----- MATERIAL FOR THIS EXERCISE -----

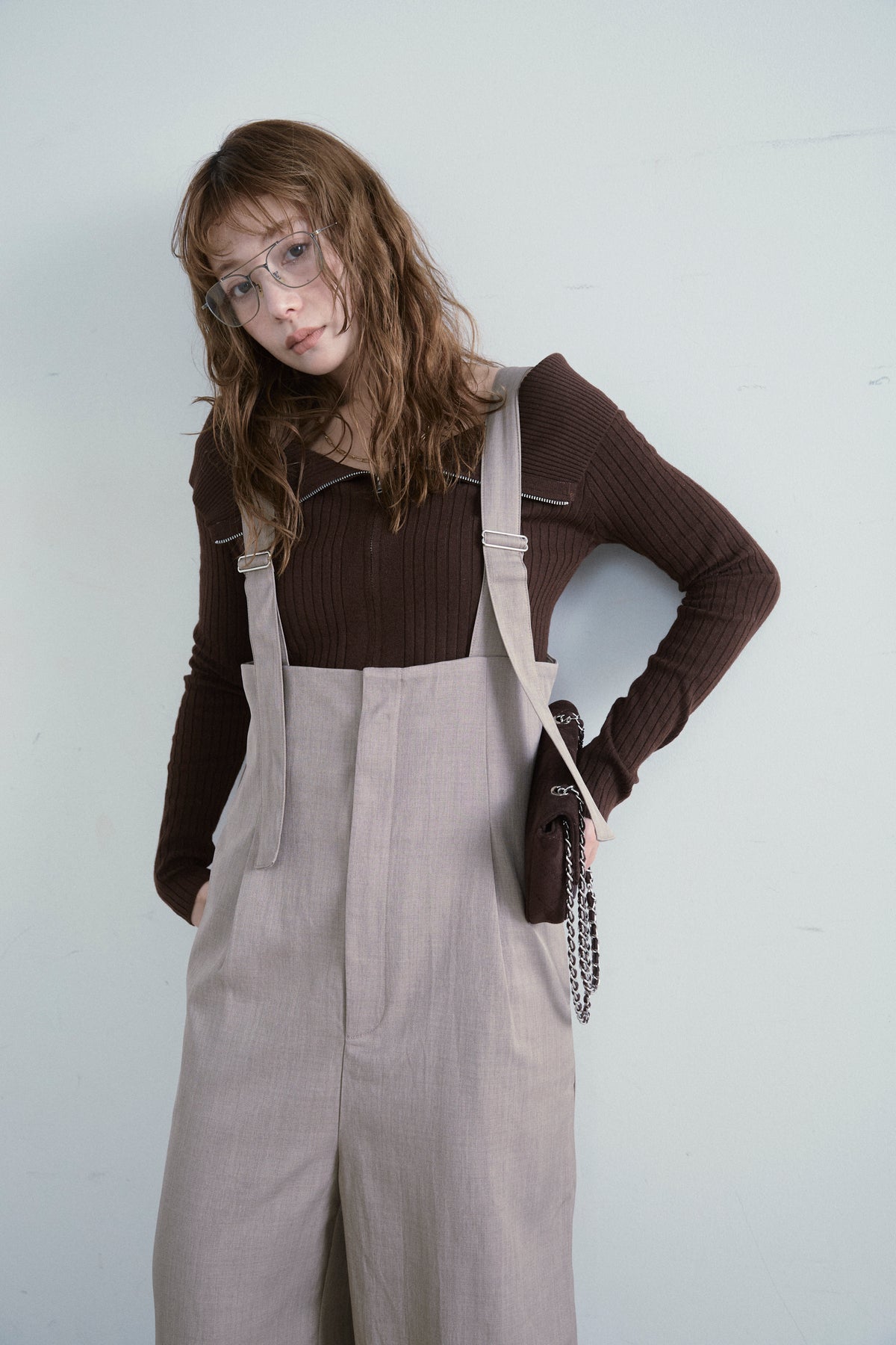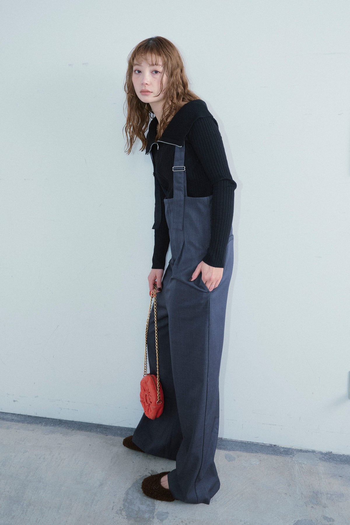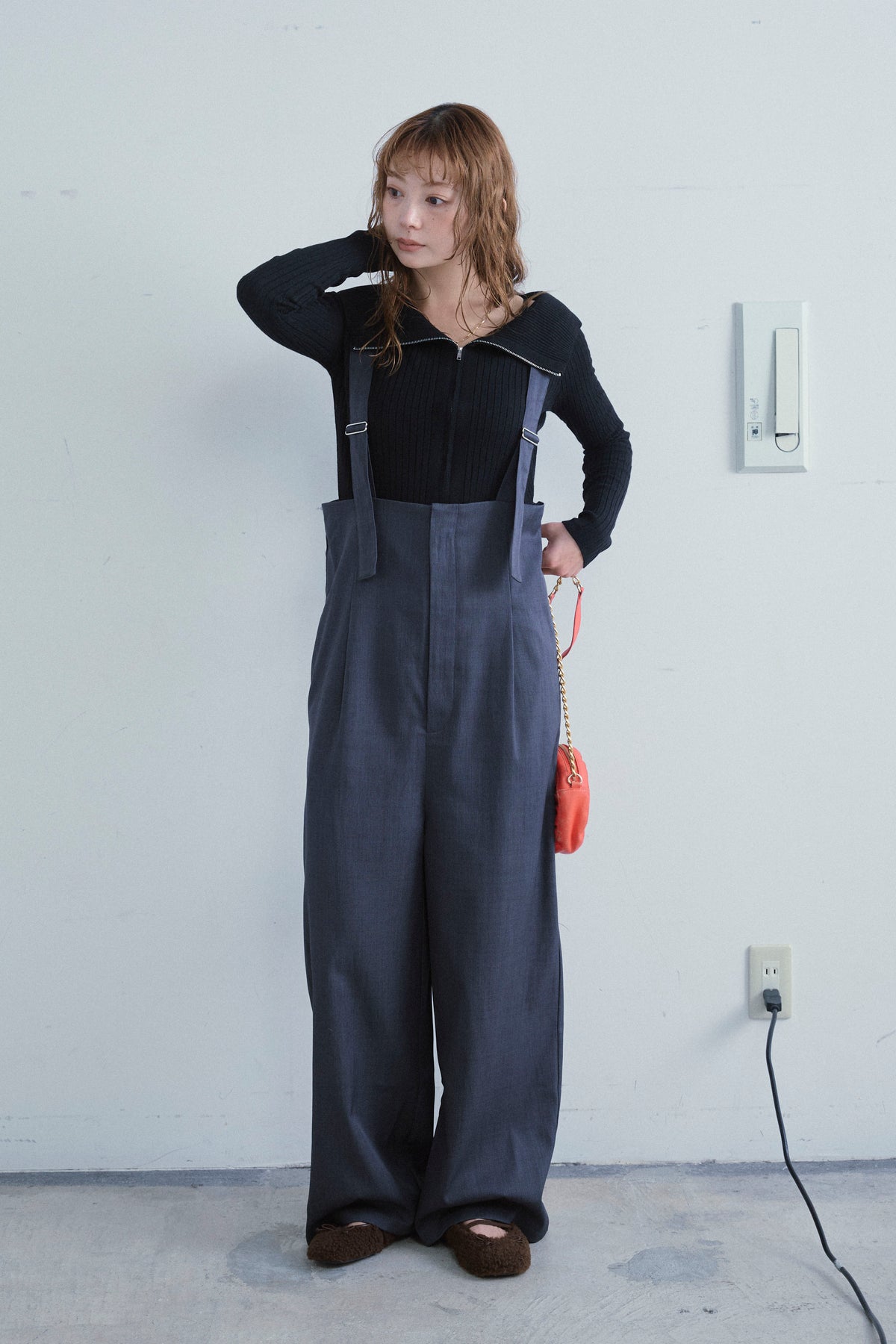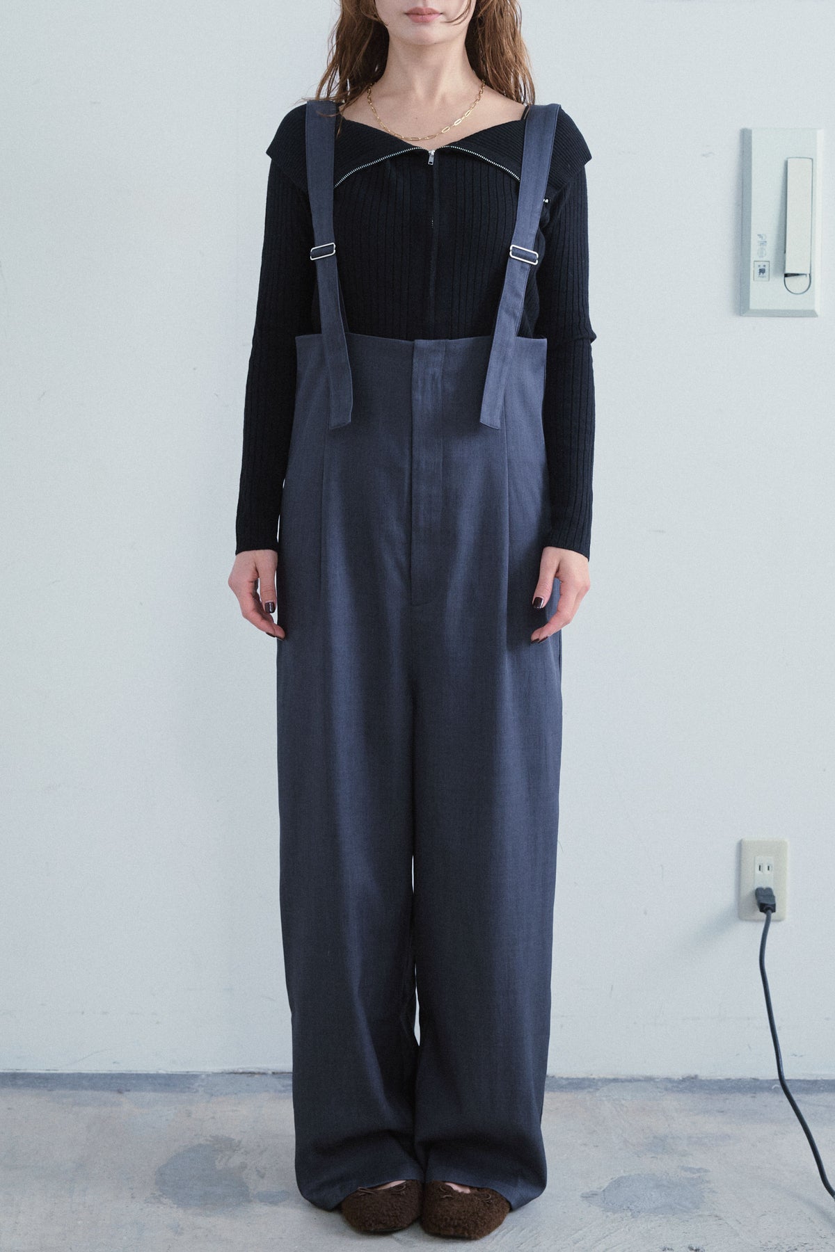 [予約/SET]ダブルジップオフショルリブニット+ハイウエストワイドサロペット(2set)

-----
----- MATERIAL FOR THIS EXERCISE -----

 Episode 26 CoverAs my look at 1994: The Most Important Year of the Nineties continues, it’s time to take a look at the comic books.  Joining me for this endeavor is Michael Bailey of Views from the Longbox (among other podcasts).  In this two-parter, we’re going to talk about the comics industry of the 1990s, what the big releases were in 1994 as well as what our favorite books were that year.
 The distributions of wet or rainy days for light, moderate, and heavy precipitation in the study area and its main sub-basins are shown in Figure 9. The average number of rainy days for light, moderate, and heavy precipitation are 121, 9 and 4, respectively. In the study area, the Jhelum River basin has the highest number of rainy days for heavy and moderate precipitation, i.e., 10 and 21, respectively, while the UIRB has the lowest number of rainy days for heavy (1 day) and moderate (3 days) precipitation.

-----

**WHAT THE EXERCISE ASKS**
Beginning with the line above that contains "Episode 26 CoverAs", copy each line exactly up to and including the line that contains "The distributions of", and go no further.

**SOLUTION BELOW**
 Episode 26 CoverAs my look at 1994: The Most Important Year of the Nineties continues, it’s time to take a look at the comic books.  Joining me for this endeavor is Michael Bailey of Views from the Longbox (among other podcasts).  In this two-parter, we’re going to talk about the comics industry of the 1990s, what the big releases were in 1994 as well as what our favorite books were that year.
 The distributions of wet or rainy days for light, moderate, and heavy precipitation in the study area and its main sub-basins are shown in Figure 9. The average number of rainy days for light, moderate, and heavy precipitation are 121, 9 and 4, respectively. In the study area, the Jhelum River basin has the highest number of rainy days for heavy and moderate precipitation, i.e., 10 and 21, respectively, while the UIRB has the lowest number of rainy days for heavy (1 day) and moderate (3 days) precipitation.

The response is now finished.